I costi dell’assistenza. In ogni caso, le spese da affrontare per assistere una persona non autosufficiente sono insostenibili per molte famiglie. Tanto per intenderci nelle case di riposo venete, secondo un’indagine unitaria (Spi, Fnp Cisl e Uilp-Uil), con impegnativa la retta giornaliera media è di 62,17euro (1.865 euro al mese). Senza impegnativa la media è di 85,54 euro (2.566 euro al mese). Il problema è destinato ad ingigantirsi nei prossimi anni, tenendo conto che, secondo i dati Istat elaborati dal sindacato dei pensionati della Cgil, nei prossimi 10 anni in Veneto la popolazione più fragile e soggetta alla non autosufficienza, quella composta dagli ultra80enni, crescerà del 20%.

Il governo però sembra essersi scordato della legge sulla non autosufficienza fortemente voluta dai sindacati. Ricordiamo che il disegno è stato approvato dal Consiglio dei ministri dell’allora esecutivo Draghi ancora a ottobre 2022.

“Martedì prossimo – spiega Nicoletta Biancardi, segretaria generale dello Spi Cgil del Veneto – saremo in piazza a Padova per protestare contro una manovra che riteniamo del tutto iniqua e incapace di tutelare pensionati e lavoratori. Dalle nostre elaborazioni emerge una realtà molto complessa e critica come quella legata al potere d’acquisto. Le difficoltà economiche stanno creando situazioni insostenibili. Già dall’indagine sui dati Istat, per esempio, emerge che gli anziani negli ultimi anni hanno ridotto le spese per la salute. La Fondazione Gimbe ha segnalato che nel 2023 la quota di famiglie venete che rinuncia alle cure, spesso per motivi economici, è passata dal 6,4 al 7,4%. Intanto la popolazione invecchia ma non intravediamo in manovra nulla che possa invertire il trend della perdita di potere d’acquisto e dell’indebolimento dei servizi sul territorio”.

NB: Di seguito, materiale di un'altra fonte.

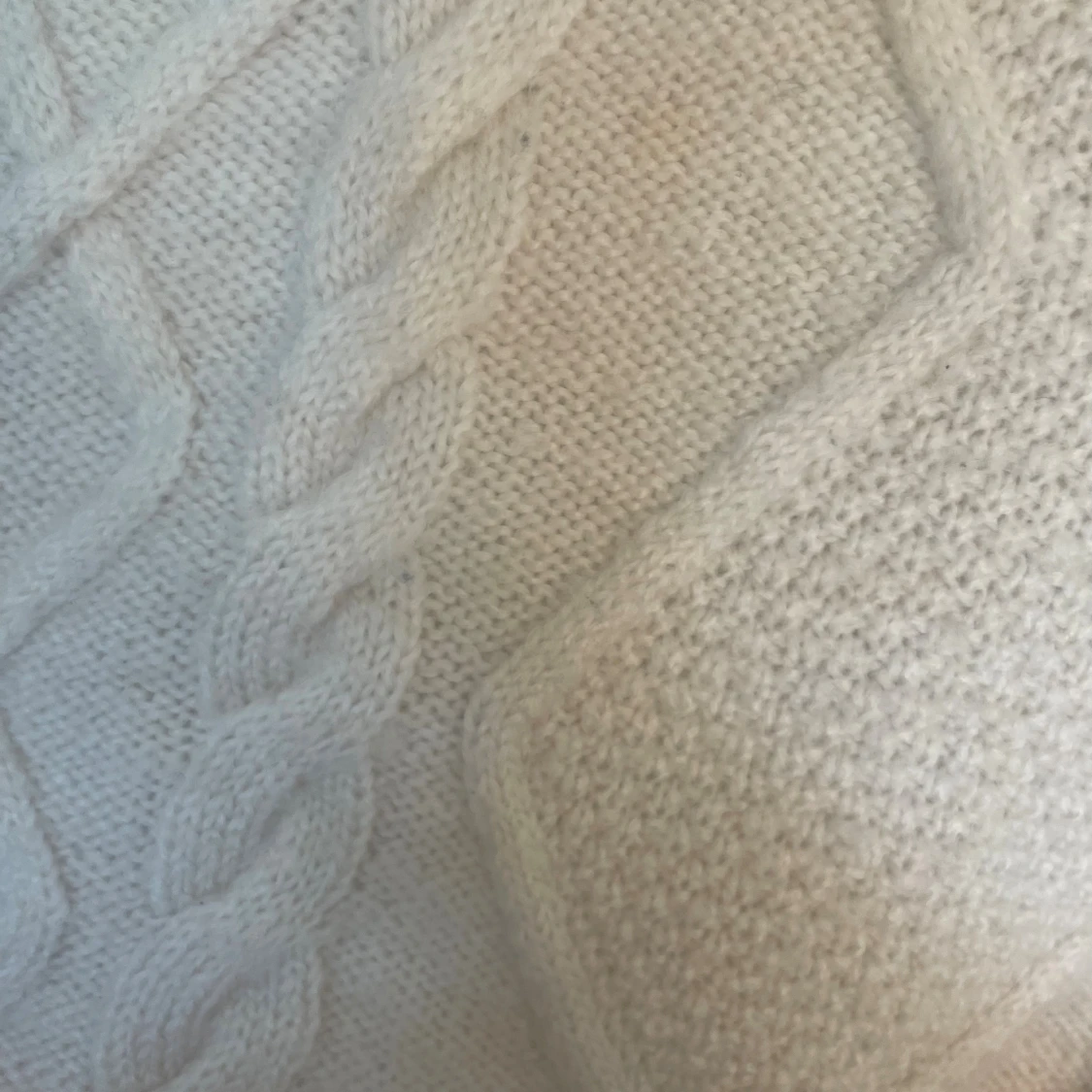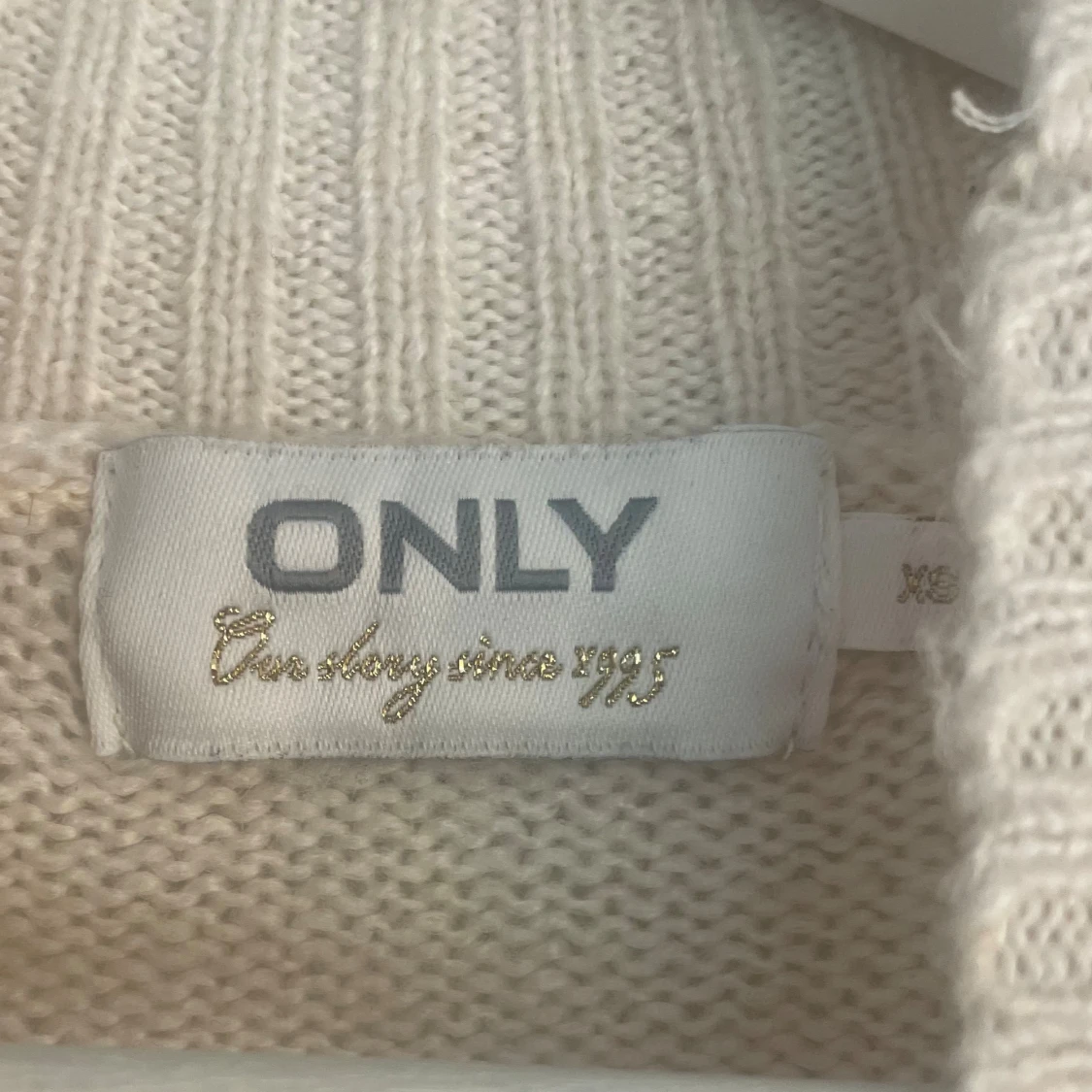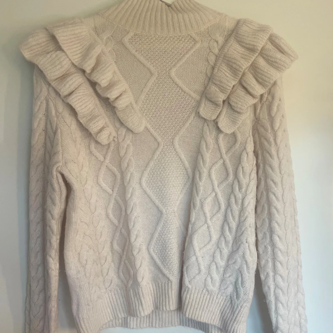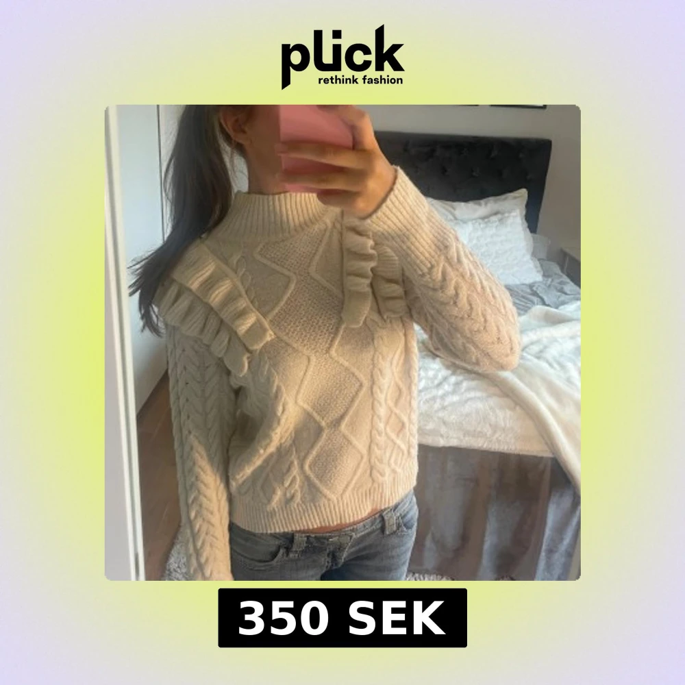 Superfin beige stickad tröja med polo och snygga volangdetaljer över axlarna. Tröjan har ett flätstickat mönster på framsida samt långa ärmar. Perfekt för dig som gillar mysiga och trendiga plagg med extra detaljer.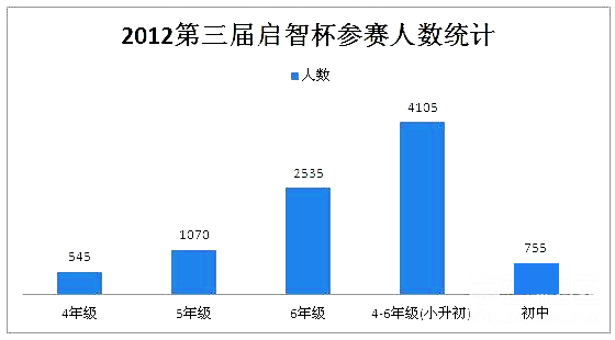 分析:从以上数据可以看出,2012年参加启智杯的学生共有4860人,4-6年级学生4105人而其中最多的是六年级的学生,可见面临小升初的学生占了85%。说明还是有很多家长和学生是非常重视启智杯。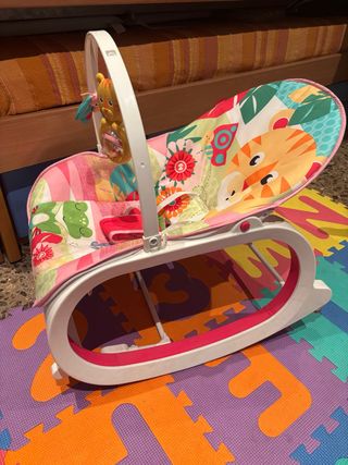 PRECIO NEGOCIABLE Hamaca para bebés de la marca Fisher-Price con un diseño alegre y colorido. Venta por falta de uso. - Apta desde bebés recién nacidos hasta niños pequeños, soportando 18 kg. - Estructura blanca y rosa. - Tejido con estampado de animales y flores. - Incluye arco de juegos con sonajero y peluches de tucán y una pelota de león. - Cuenta con un asiento reclinable con con vibraciones relajantes. - Las patas desplegables permiten convertirla en una hamaca fija. - El acolchado del asiento es lavable en lavadora.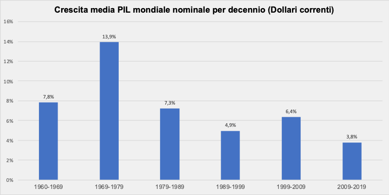 Grafico 6: Crescita del PIL mondiale nominale per decennio, 1960-2019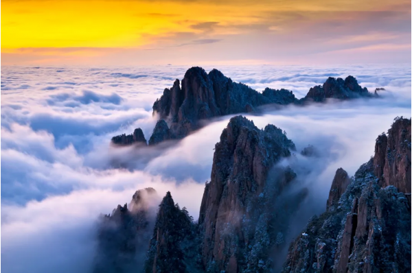 一座不在五岳之中的山,卻集泰山之峻、華山之險、峨眉之秀、雁蕩之奇于一身,又兼有遒勁盤曲的蒼松、奇巧別致的怪石、翻騰洶涌的云海、常年不息的溫泉,原本默默無名的黃山,就這樣以包羅萬象卻自成一體的豐富,從安徽南部的煙雨迷霧中,走入文人的詩詞文章,進(jìn)入萬千大眾的眼界中。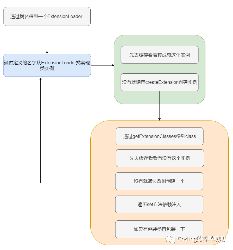 不像 Java 原生的 SPI 那样去遍历加载对应的服务类,只需要通过 key 去寻找,并且寻找的时候会先从缓存的对象里去取,如果取不到就利用反射创建一个实体类。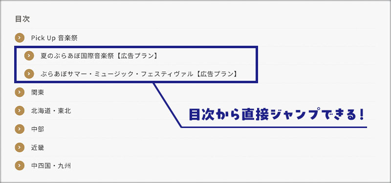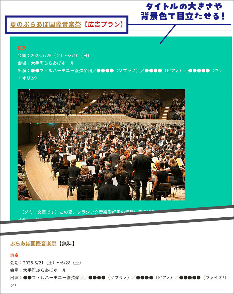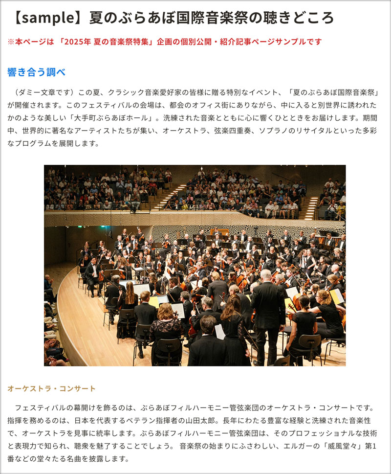 音楽祭をまとめた特集ページ内で、公演情報を目立たせ読者の注目をゲット!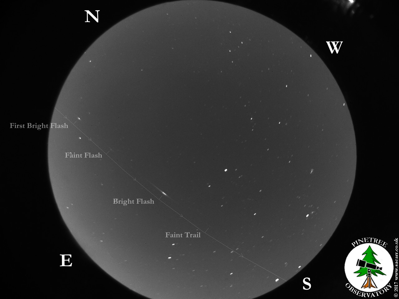 I spotted the bright flash on one frame when going through all the captures on the 15th. At first I thought it was a meteor capture until I examined the captures for a few frames either side. I then realised that it had left a trail on those too, and so had been in the sky for well over a minute; far too long for a meteor. It therefore was most likely to be a slowly spinning satellite, catching the Sun and brightening as it turned - 14-10-17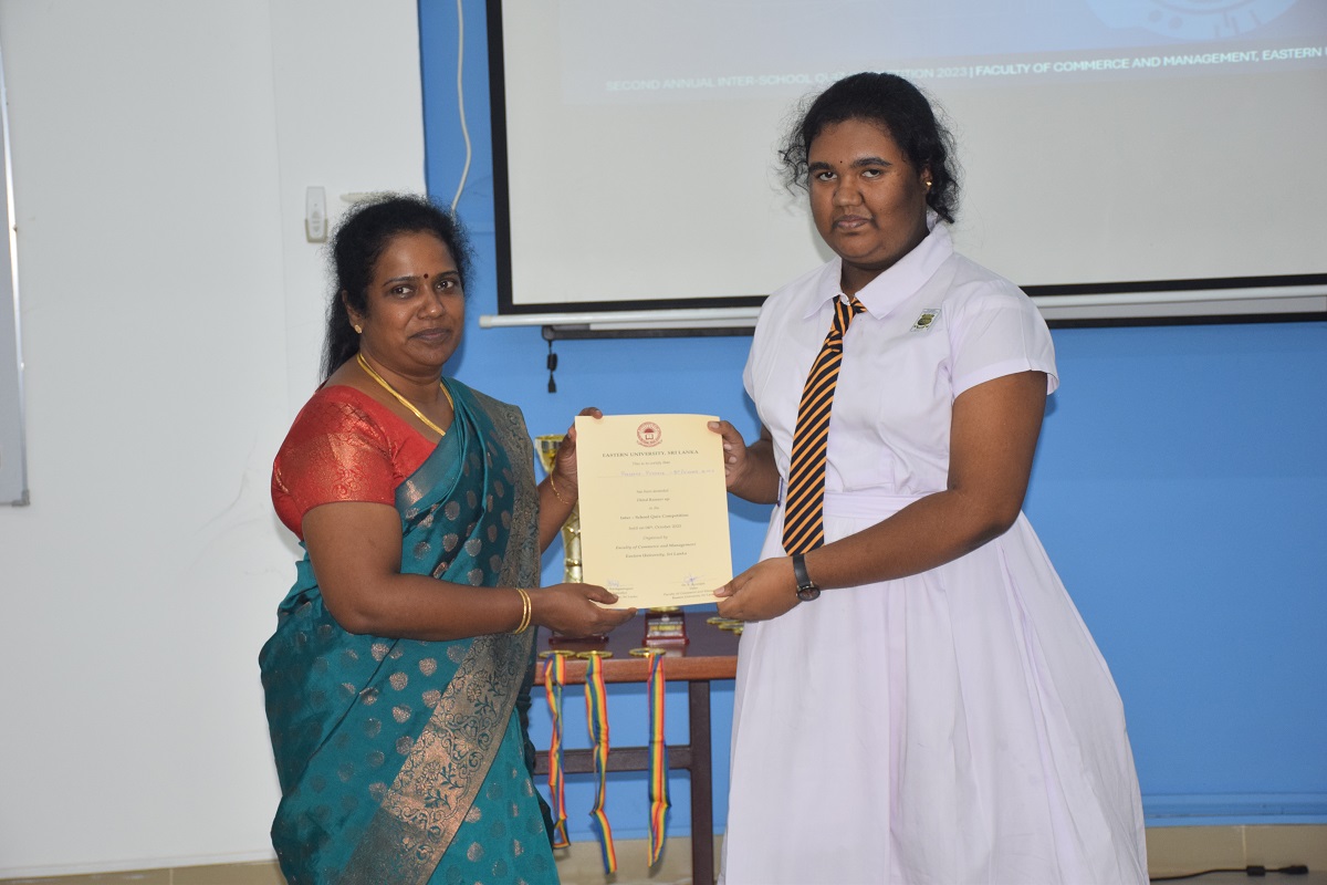 The event was coordinated by Dr. (Mrs). Jeyapraba Suresh, the Head of the Department of Economics at the Faculty of Commerce and Management, Eastern University, also served as the Coordinator for the Inter-School Quiz Competition 2023.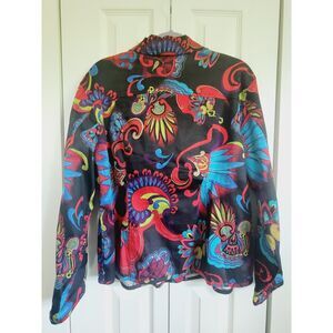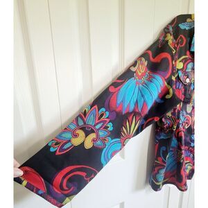 Chico's 3 Vibrant Abstract Button Front Tailored Shirt Jacket XL Cotton Blnd LS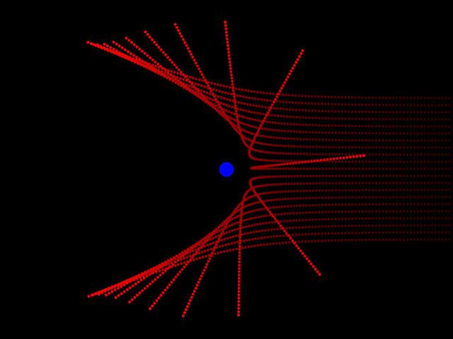 Давайте посмотрим еще одну картину, которая характеризует рассеивание a-частиц на той массивной частице, наличие которой предсказал Резерфорд в атоме (рис. 3).

Fisco e autonomia. La mobilitazione di martedì servirà anche per richiedere una forte riduzione delle tasse per pensionati e lavoratori, nell’ambito di un fisco sempre più ingiusto, che non rispetta la progressività prevista dalla stessa Costituzione e premia i furbetti. Ma l’iniziativa affronterà anche altri due temi delicatissimi: la legge sull’autonomia differenziata, nei confronti della quale, sottolinea ancora Biancardi “il sindacato dei pensionati della Cgil si è da sempre schierato contro, senza se e senza ma”. E il lavoro, che, conclude la segretaria generale, “deve essere stabile, dignitoso, sicuro e tutelato. I pensionati sono in prima linea a sostegno del referendum promosso dalla Cgil e affianco alle giovani generazioni, che vivono una drammatica situazione di precarietà”.